GP Insights # 325, 8 April 2020
In the news
The growing casualties of COVID-19 around the world have led to a global lockdown. Social distancing, hygiene, and strong immunity are the key measures to fight the pandemic. These measures might sound simple; nevertheless, it is a luxury for many. More than 70 million people are displaced all over the world, as stated by the UN Refugee Agency. They could be referred to as refugees, migrants or asylum seekers and remains the most vulnerable in the present situation. On 2 April, after 20 refugees tested positive, Greece became the first country to force quarantine a refugee camp. It raises the pertinent question, how to restrict the spread of the virus in these camps, which are overcrowded, cramped, lacks basic hygiene and sanitation.
Issues at large
Large camps such as the Syrian refugee camps inside and outside Syria, the Rohingya refugee camps in Bangladesh or the Afghan refugee camps in Pakistan are the most vulnerable. These large camp areas are crowded and lack the necessary facilities. The millions residing in these camps are displaced due to conflicts in their country of origin. For example, in one of the Syrian refugee camps called 'Vial', in the Greek island of Chios, 6000 refugees reside in a space intended for about 1,000 people. Similarly, as of 2017 more than 18,200 Rohingyas are sheltered in the Kutupalong camp, one of the largest Rohingya camps, in Cox's Bazar district of Bangladesh. According to the UNHCR in 2017 Pakistan had approximately 1.3 million registered Afghans living in unhealthy conditions. In India, the government's decision on sudden lockdown has affected not only the migrant population but also the Rohingya refugees living in small camps across the country. They are now left to starve as they are not recognized by the government.
The pandemic is also being used as an instrument to further restrict any entry of migrants, refugees and asylum seekers within many countries. In March-end, Bosnia detained several thousands of refugees and migrants within a newly built Lipa refugee camp as a preventive measure to contain the spread of the Coronavirus. Around 24 km from the border, these refugee camps lack water, electricity, and medical facilities hence the restriction of movement of the refugees from the camps by the Bosnian authorities have further compounded their deplorability.
First, with the refugees living in closed and cramped quarters, social distancing is impossible, and in case of contamination it will be an arduous undertaking to prevent the contagion. The government should thereby initiate measures for hygiene, sanitation, awareness and facilitating medical facilities in the camps. For resolving this problem, a unique initiative has been taken by Portugal. The government has granted temporary residency to immigrants and asylum seekers until July 2020. This will enable them to avail health and social benefits like any other citizen of the country.

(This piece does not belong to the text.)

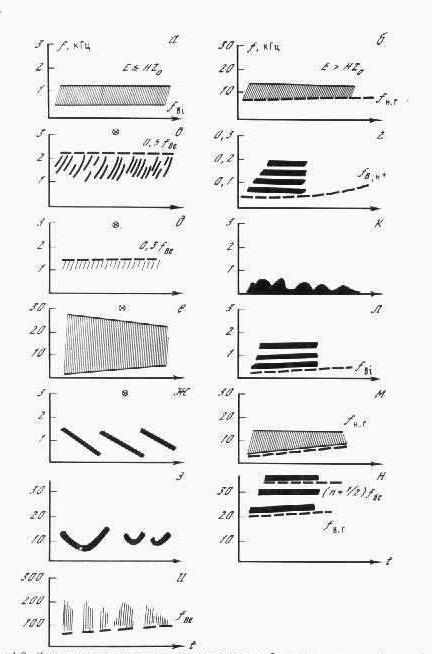 Р и с . 1 (1.8.) Динамические спектры основных типов собственных излучений ионосфер-но-магнитосферной плазмы (схематическое изображение) (схематическое изображение)

Second, in a scenario where the government structures in the developing countries lack the capacity to provide health benefits to all its citizens, providing healthcare of the refugees will be a distant priority. For instance, Bangladesh lacks basic medical facilitates for its citizens and will always priorities them over the refugees who are unwelcomed in their country. A closed border has deteriorated the condition further as most of these camps are heavily dependent on international aids and medical practitioners' from an organization such as 'Doctors' without Borders.'
Last, with the refugees mostly unwelcomed in the host countries, a conflict between the local residents and the refugees around the camp areas could be simmering in any instance of a positive case of Coronavirus or facilities to the refugees. In the case of the Rohingya camps, frequent skirmishes have been reported between the locals and the Rohingya refugees. Thus when there is a fear of pandemic these local conflicts will aggravate, resulting in increasing problems.